AI Safety

The tech bro ethos, and the end of my job

A Microsoft technical writer explains why he's happy to see AI agents automate his documentation role.

Deep Dive

In a viral personal blog post, Microsoft technical writer Patrick Farley reflects on the impending automation of his own job by AI, sparked by researcher Andrej Karpathy's visual predictions showing high AI replacement likelihood for tech roles. Farley describes a recent turning point on his team where AI agents, likely leveraging models like GPT-4 or Claude, became capable of handling much of his public documentation work. He expresses no resentment, instead framing this as the realization of a core 'tech bro ethos'—the intrinsic drive to use tools to make systems run more efficiently, even when it automates one's own livelihood.

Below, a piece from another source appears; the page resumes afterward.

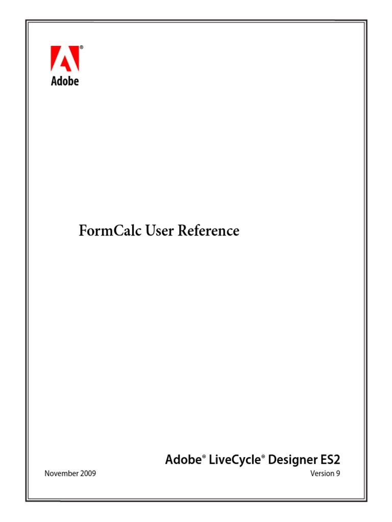 2009 Adobe Systems Incorporated. All rights reserved. Adobe LiveCycle Designer ES2 (9.0) FormCalc User Reference for Microsoft Windows Edition 4.0, November 2009 This reference guide is licensed for use under the terms of the Creative Commons Attribution Non-Commercial 3.0 License. This License allows users to copy, distribute, and transmit the guide for noncommercial purposes only so long as (1) proper attribution to Adobe is given as the owner of the guide; and (2) any reuse or distribution of the guide contains a notice that use of the guide is governed by these terms. The best way to provide notice is to include the following link. To view a copy of this license, visit http://creativecommons.org/licenses/by-nc-sa/3.0/. Adobe, Adobe logo, Adobe Reader, Acrobat, and LiveCycle are either registered trademarks or trademarks of Adobe Systems Incorporated in the United States and/or other countries. Microsoft and Windows are either trademarks or registered trademarks of Microsoft Corporation in the United States and/or other countries. All other trademarks are the property of their respective owners. Adobe Systems Incorporated, 345 Park Avenue, San Jose, California 95110, USA.

Farley elaborates on this ethos by using Elon Musk's hypothetical motivations for a 'Department of Government Efficiency' as an example: the joy is in optimizing the system itself, not in rent-seeking or gatekeeping expertise. He argues that tech workers collectively accelerating AI development, despite the personal risk, stems from this shared character. For Farley, his job isn't 'lost' but 'finished'; the pattern of work he was hired for is ending because it can now be done more efficiently by AI. He concludes by expressing pride in his peers for embracing this chaotic change to pursue bigger challenges, seeing the automation of his role as the successful application of the very virtues he values.

Key Points
  • The author, a Microsoft technical writer, confirms AI agents are now automating his core documentation tasks.
  • He cites the 'tech bro ethos'—a virtue-driven pursuit of systemic efficiency—as why tech workers are willingly building their own replacements.
  • Farley reframes his situation not as job loss but as job completion, stating the old way of working 'won't be done that way, at any company, ever again.'

Why It Matters

It reveals a cultural driver behind rapid AI adoption in tech, where the desire to optimize can outweigh immediate job security concerns.